At this point an appropriate question is: “What purpose does the mystical belief in super-denumerable points have?” The mystical desire to control oneself has an obvious purpose of freedom and control, but the super-denumerable is not defensible on logical grounds. It would behoove proponents of the view to explain why we should get worked up about it. My speculation is that thinkers become frustrated with how little they end up knowing as a result of thinking, and so the motivation is for teachers of math to feel we know a lot, and be able to say what we know to students. Support for belief in super-denumerable points is that knowledge justifies itself, whether it makes sense or not. Another defense is that this type of math is part of academic culture. The reason math is so important to research is another embarrassment: that math makes sense while other cultures do not. Now, the culture of number is freed from sense and can expand and take on an inclusive attitude to other views.
Aristotle’s substance, at least one of his definitions of it, was a subject that could not be predicated.
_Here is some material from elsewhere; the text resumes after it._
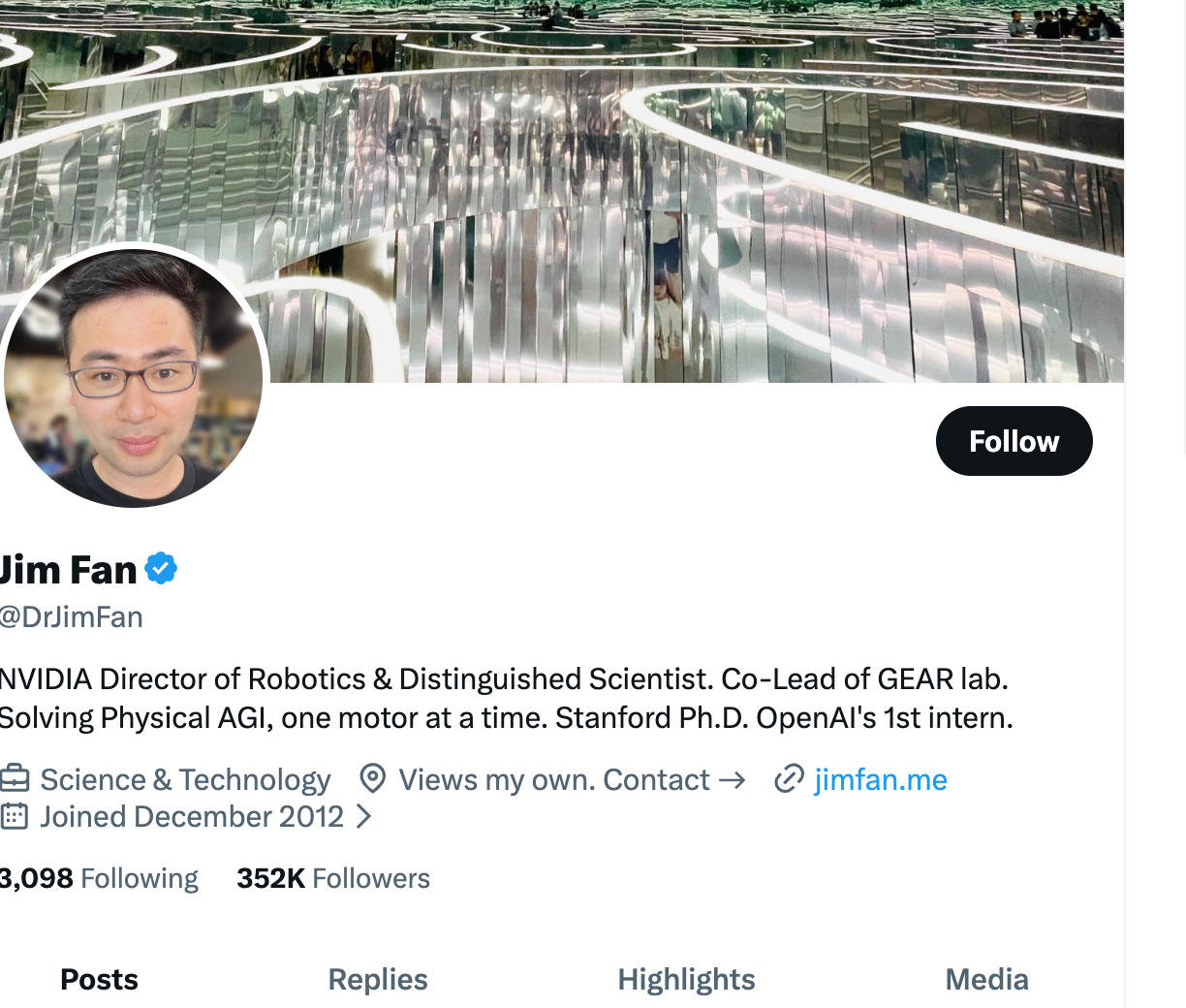 AI Research Scientist at NVIDIA. PhD from Stanford under Fei-Fei Li. His research focuses on generally capable autonomous agents—AI systems that can operate across different environments and tasks. Posts detailed threads on embodied AI, foundation models, and robotics.

Another definition was form or essence, and form and substance are deeply connected. In searching for substance, predicates divide the subject. “The human is a man” (or “Woman”) is a division of human. Metaphor, in this view, is destructive to a search for substance. It expands words: “Humans are stars” makes a mess of things, only adding possible predicates. Unless you search for the intersection of “human” and “star”, in which case you are dividing both. Regardless, seeking knowledge of substance is a process of division- so too with a process of division of line segments. And what is the result of this infinite division, this search for substance in the excised world of pure form that is mathematics? It is merely the division itself – the point – which is what we started with when we were looking for substance. What is our point? Or is it changed into a super-denumerable point? Or some other kind of point or division of a line? What is this scalpel? Have I used it violently in searching for it?